> Required action
Having located "Elevate your wardrobe" in the listing below, write out its line and every following line exactly, last line included, without the pictures.

> Data segment
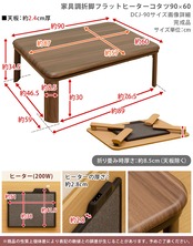 家具調折脚フラットヒーターこたつ 90×60 長方形です!
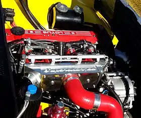 As early as 1964, Lotus recognized the need to find a replacement for the Lotus Twin Cam engine.[2] Colin Chapman issued a brief that listed the features to be required in a new engine, including 'high efficiency, flexibility, torque and smoothness which was suitable for hand assembly'.[3] Unable to find this combination in any existing engine, the company used outside consultants and internal resources to define the characteristics of the next Lotus engine.[4] After having rejected a 120° V6 due to being too wide for Lotus' chassis and a 60° V6 as too tall for the intended bodywork, the engineers determined that a 2-litre inline-four engine was the optimal choice. This future engine would have four valves per cylinder (16 valves total) operated by belt-driven dual overhead cams and develop 150 hp (112 kW). The block would be angled at 45° from vertical to permit a lower bonnet and simplify development of a 4-litre V8 version for future use in Indianapolis racing.
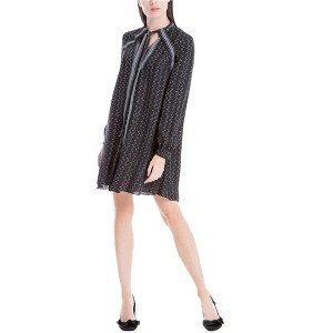 Elevate your wardrobe with the Max Studio London Women's Tie Front A-line Dress. This A-line dress, presented by Max Studio London, offers a blend of casual style and modern design. The two-tone pattern and printed details create a dynamic and eye-catching look, while the cloth ties at the front neckline add a touch of charm.
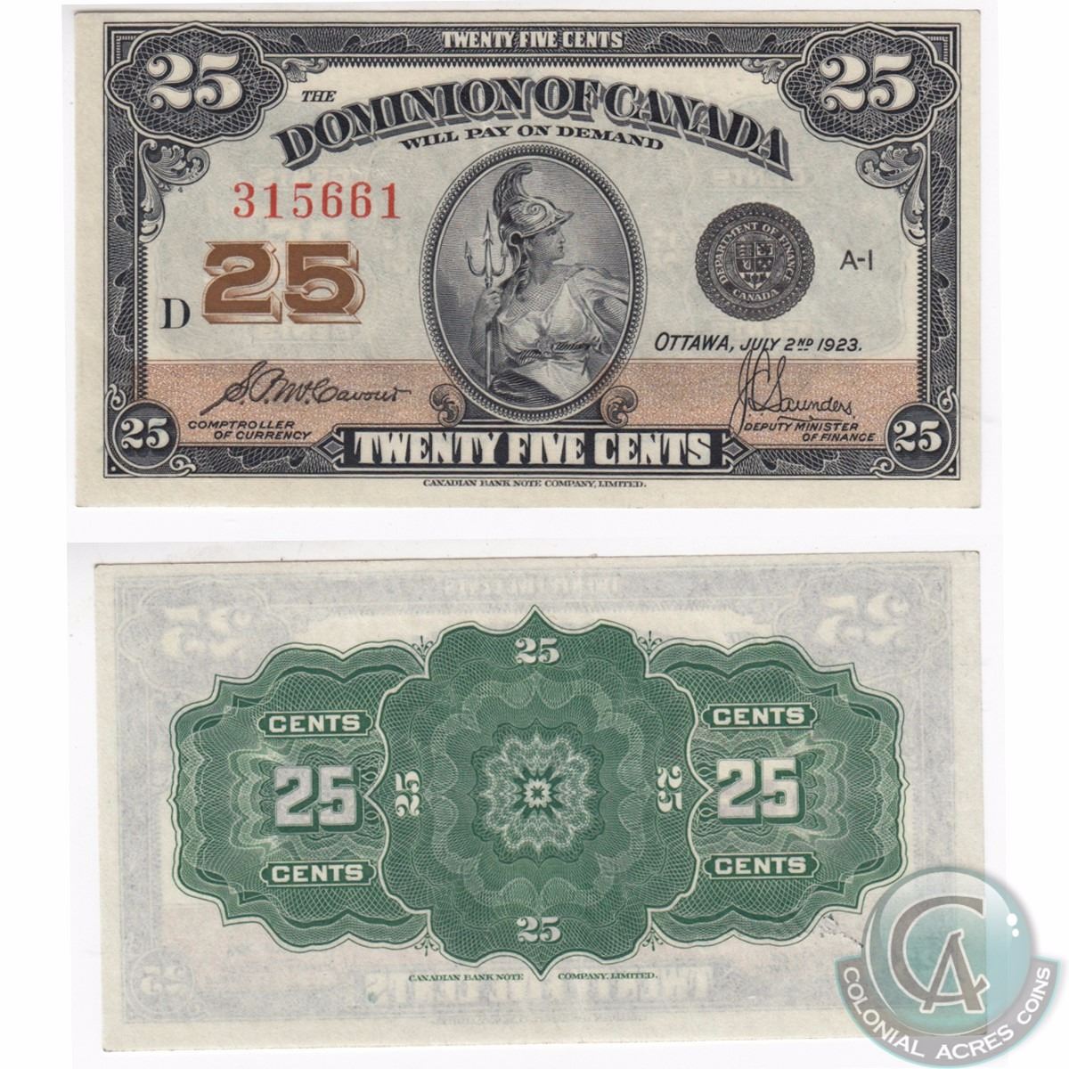 DC-24c. 1923 Dominion of Canada 25c, McCavour-Saunders, S/N: 315661/D in Almost UNC Condition. A problem free example.

> Worked solution
 Elevate your wardrobe with the Max Studio London Women's Tie Front A-line Dress. This A-line dress, presented by Max Studio London, offers a blend of casual style and modern design. The two-tone pattern and printed details create a dynamic and eye-catching look, while the cloth ties at the front neckline add a touch of charm.
 DC-24c. 1923 Dominion of Canada 25c, McCavour-Saunders, S/N: 315661/D in Almost UNC Condition. A problem free example.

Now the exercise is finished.